- **About this task**:
Which lines run from the start of the material below through the line containing "925 Sterling Silver"? Retype them exactly, pictures excluded.

- **Data shown**:
------------------------

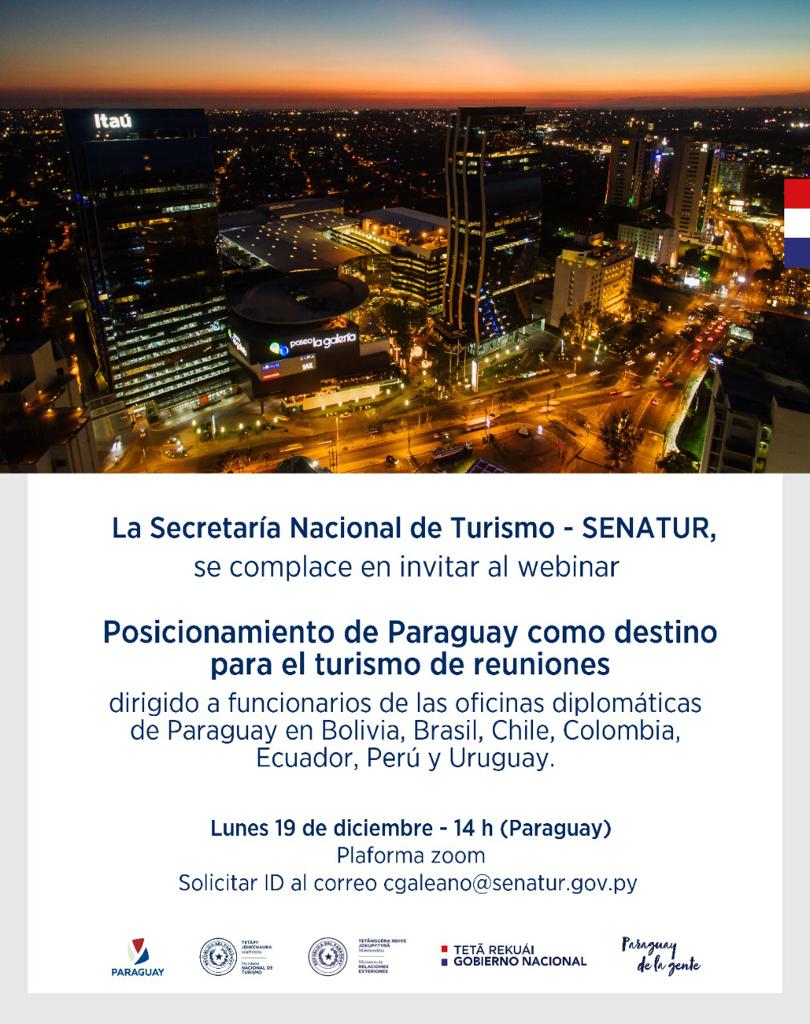 Funcionarios de las oficinas diplomáticas de Paraguay en Bolivia, Brasil, Chile, Colombia, Ecuador, Perú y Uruguay participaron del webinar organizado por la Senatur para dialogar sobre el posicionamiento de nuestro país como destino para el turismo de reuniones.
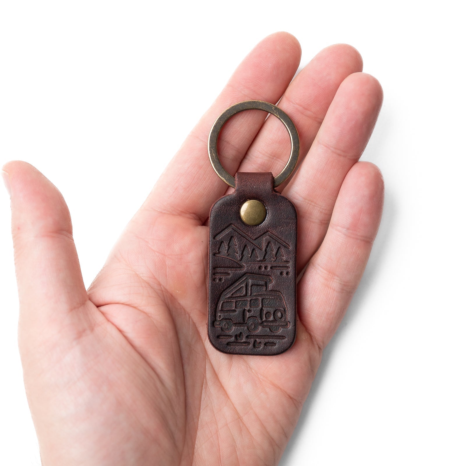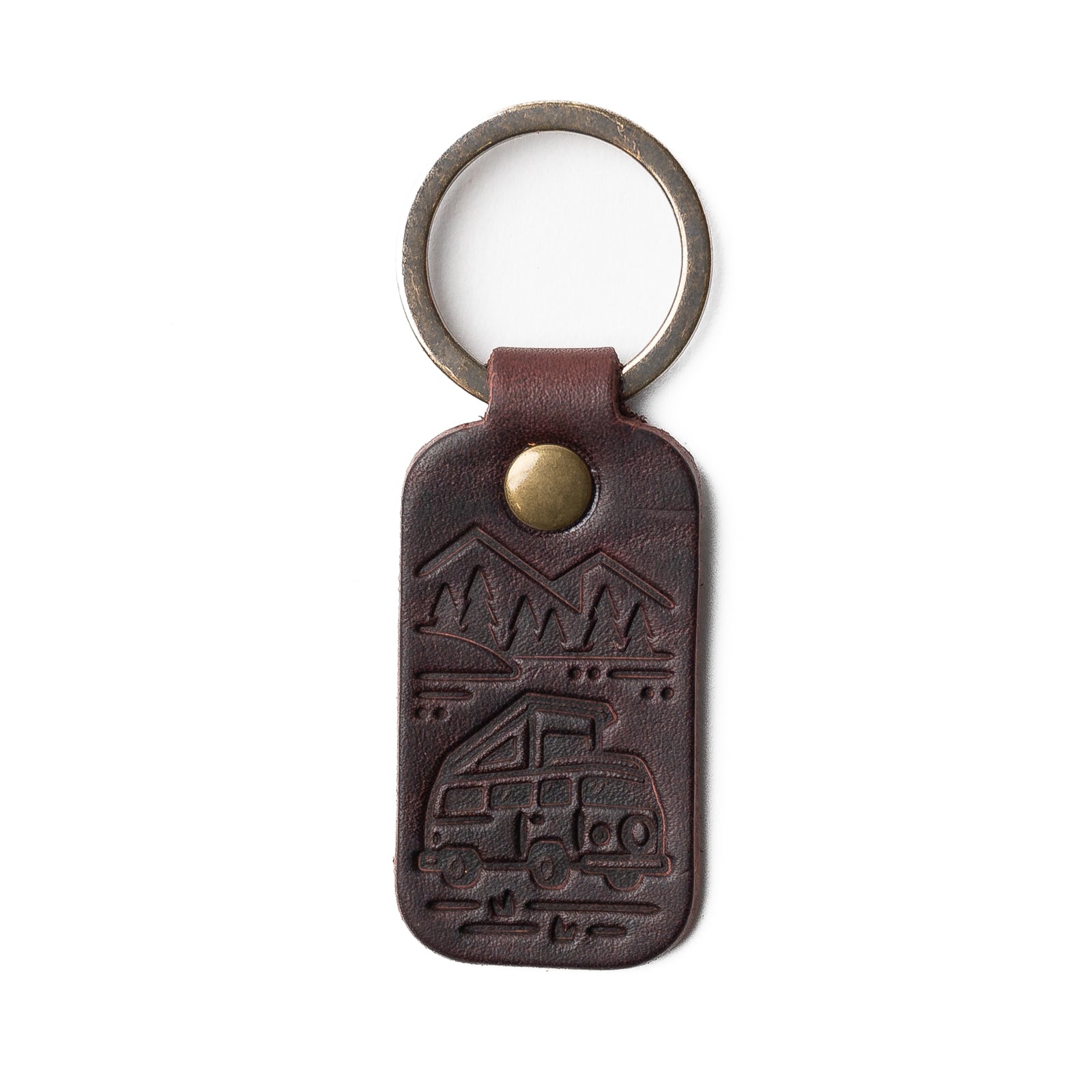 This leather keychain, cut and stamped from our thickest belt leather, is about as rugged as a real camper van should be.
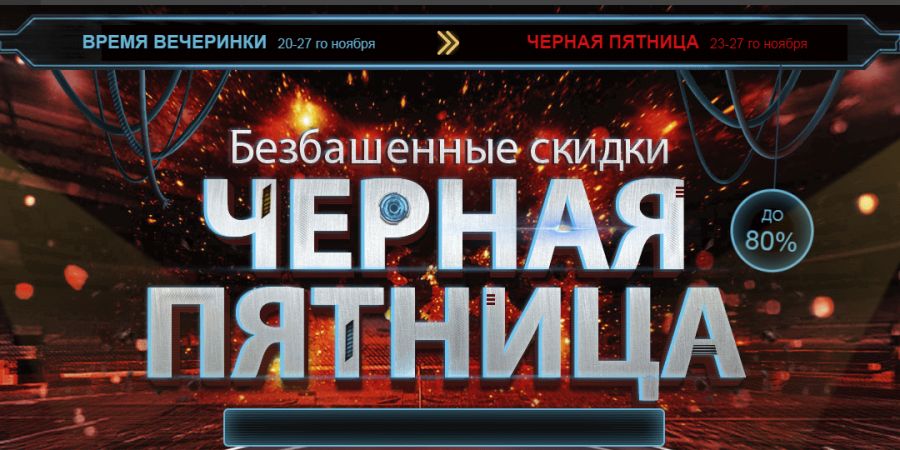 - Чернопятничный переполох - с 23.11 (11:00 по Киевскому времени / 12:00 по Московскому времени) до 27.11 (11:00 по Киевскому времени / 12:00 по Московскому времени)
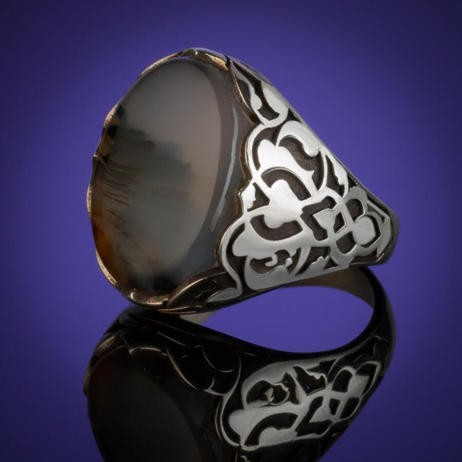 925 Sterling Silver Patterned Stone Silver Men's Ring Product Features
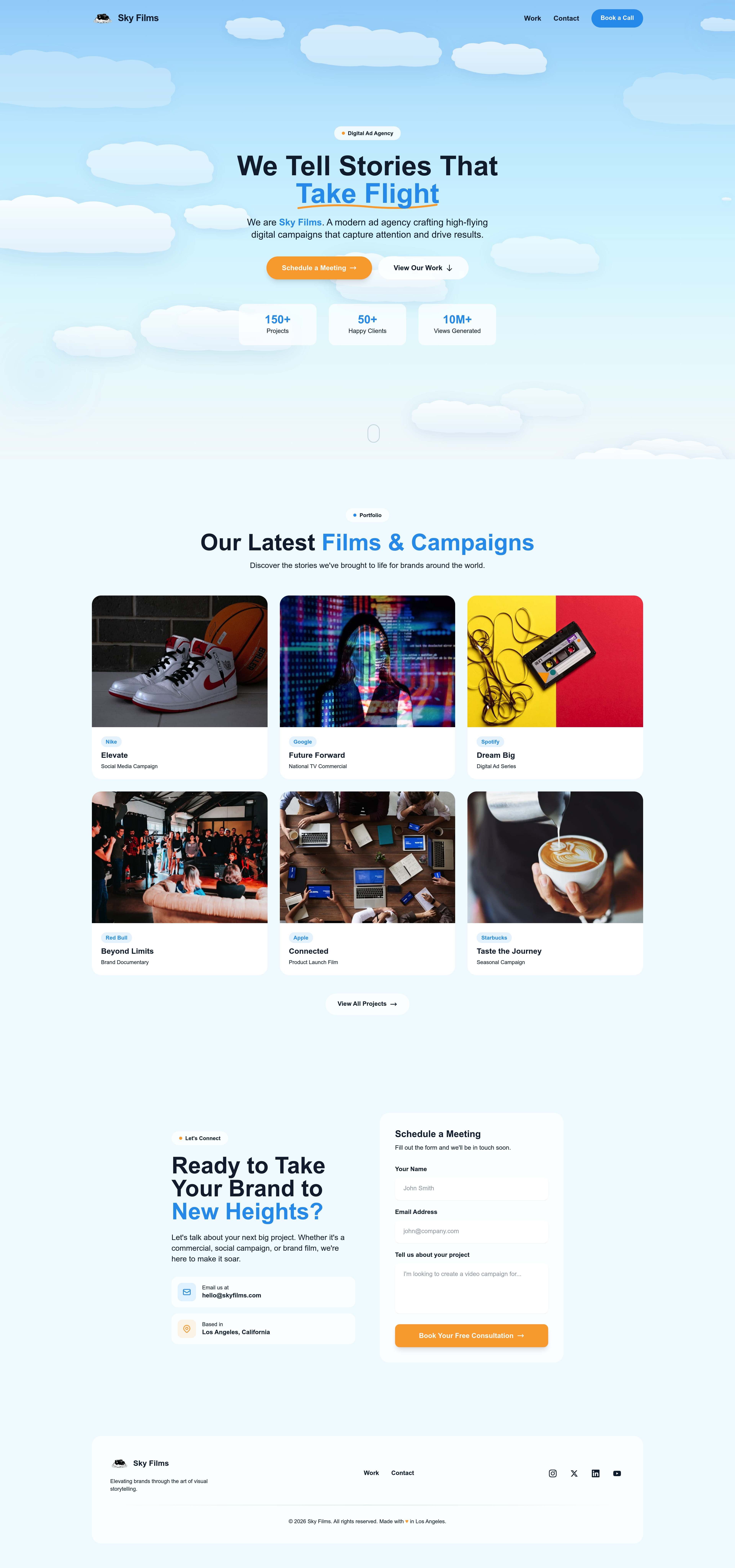 An immersive, sky-themed landing page for "Sky Films," a digital ad agency. This modern business website features a captivating parallax scrolling cloud background, a prominent call to action for scheduling meetings, and a sleek portfolio showcase. Designed to generate leads and highlight creative digital campaigns, it offers a professional and visually stunning user experience.
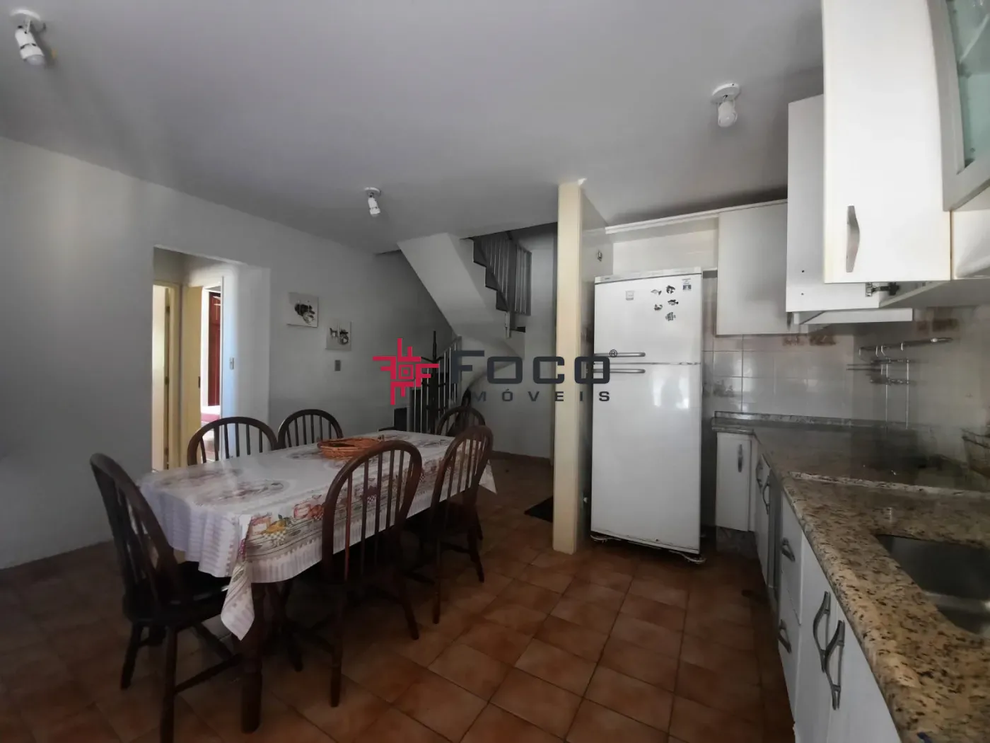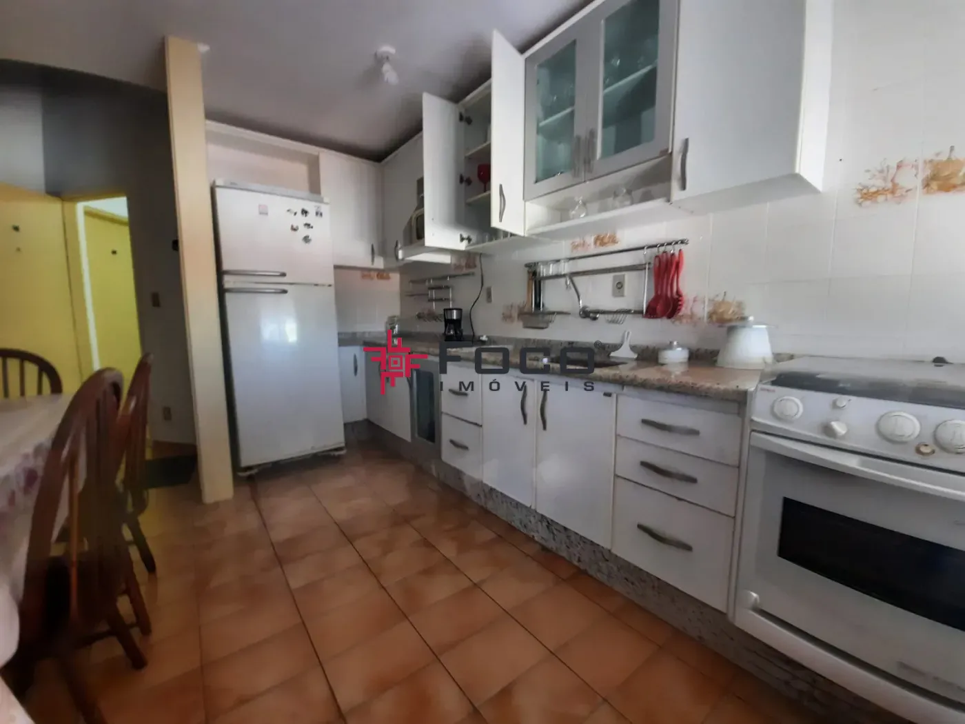 - 01 sala de jantar conjugada com cozinha com armários e sacada;
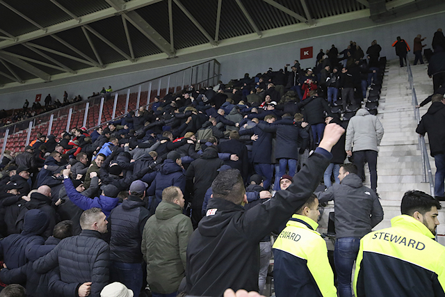 Waar het eerste elftal van Ajax in de file kwam te staan op de A9, daar was dat voor de supporters niet anders. Door wat politiebegeleiding over de vluchtstrook, kwam iedereen toch tijdig aan. De bewoners van het uitvak zagen een wedstrijd vol opstootjes, ergernissen en vervelende valpartijtjes aan beide zijden.
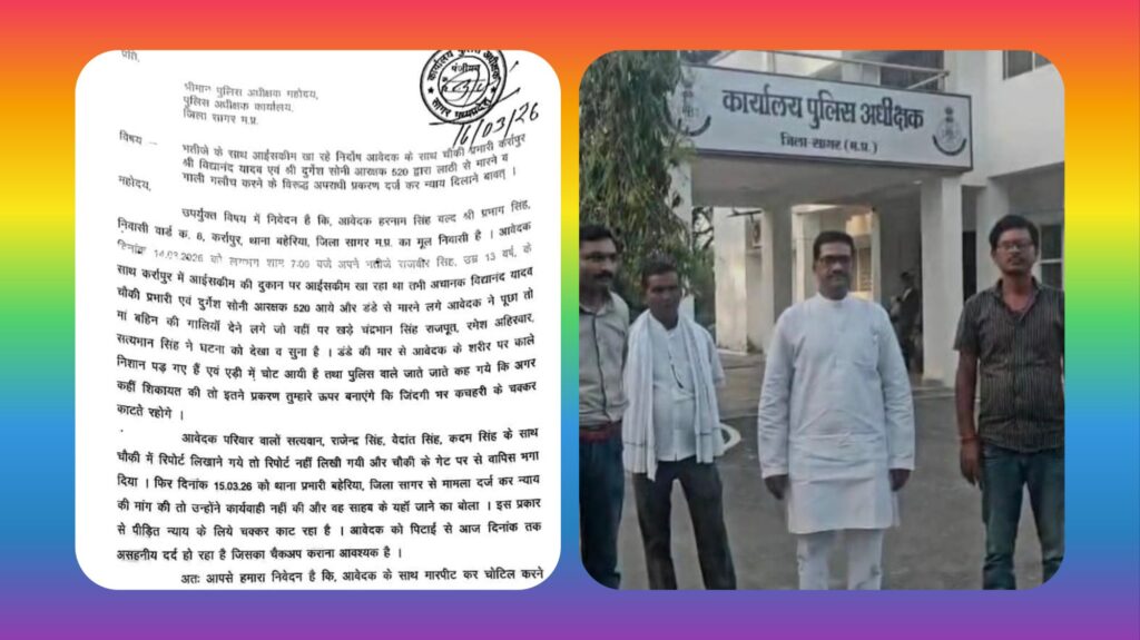 सागर के थाना बहेरिया क्षेत्र अंतर्गत पुलिस चौकी कर्रापुर के प्रभारी व आरक्षक द्वारा सरेआम गुंडागर्दी कर भतीजे के साथ आइसक्रीम खा रहे निर्दोष युवक के साथ गाली-गलौज कर लाठी से मारनें की घटना के पीड़ित युवक हरनाम सिंह पिता प्रभाग सिंह निवासी वार्ड 08 नगर परिषद कर्रापुर ने मध्यप्रदेश शासन के पूर्व मंत्री सुरेन्द्र चौधरी व स्थानीय कांग्रेसजनों के साथ पुलिस अधीक्षक कार्यालय पहुंचकर शिकायती आवेदन देकर उसके साथ गाली गलौज करने वाले दोषी कर्रापुर चौकी प्रभारी विधानन्द यादव व आरक्षक दुर्गेश सोनी पर अपराधिक प्रकरण दर्ज कर कठोर कार्रवाई करने तथा पीड़ित को न्याय दिलाने की गुहार लगाई है। पीड़ित युवक ने पुलिस अधीक्षक को दिये शिकायती आवेदन में बताया कि घटना विगत 14 मार्च शनिवार शाम 07 बजें की हैं जहां पीड़ित युवक अपने भतीजे राजवीर के साथ कर्रापुर में आईसक्रीम खा रहा था तभी अचानक कर्रापुर चौकी प्रभारी विद्यानंद यादव और आरक्षक दुर्गेश सोनी आये और उसे डंडे से मारने लगे आवेदक ने पूछा की क्यों मार रहे हो तो मां बहिन की गालियों देने लगे डंडे की मार से आवेदक के शरीर पर काले निशान पड़ गए हैं एवं एडी में चोट आयी है चौकी प्रभारी और आरक्षक जाते जाते कह गये कि अगर कहीं शिकायत की तो इतने प्रकरण तुम्हारे ऊपर बनाएंगे कि जिंदगी भर कचहरी के चक्कर काटते रहोगे। पुलिस अधीक्षक को शिकायती आवेदन देकर दोषीयों पर प्रकरण दर्ज कर कठोर कार्यवाही व पीड़ित को न्याय दिलानें की मांग पूर्व मंत्री सुरेन्द्र चौधरी, ब्लॉक कांग्रेस अध्यक्ष पुष्पेन्द्र सिंह, पार्षद मोहन अहिरवार, कदम सिंह आदि ने की हैं।
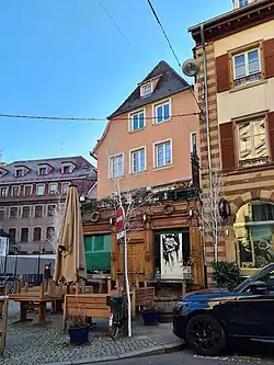 - À l'angle avec le no 2 de la rue du Sanglier, l'édifice conserve quelques éléments datant du Moyen Âge[2]. Un restaurant, Zum goldenen Lamm, y est mentionné en 1686[7].

------------------------

- **Response**:
 Funcionarios de las oficinas diplomáticas de Paraguay en Bolivia, Brasil, Chile, Colombia, Ecuador, Perú y Uruguay participaron del webinar organizado por la Senatur para dialogar sobre el posicionamiento de nuestro país como destino para el turismo de reuniones.
 This leather keychain, cut and stamped from our thickest belt leather, is about as rugged as a real camper van should be.
 - Чернопятничный переполох - с 23.11 (11:00 по Киевскому времени / 12:00 по Московскому времени) до 27.11 (11:00 по Киевскому времени / 12:00 по Московскому времени)
 925 Sterling Silver Patterned Stone Silver Men's Ring Product Features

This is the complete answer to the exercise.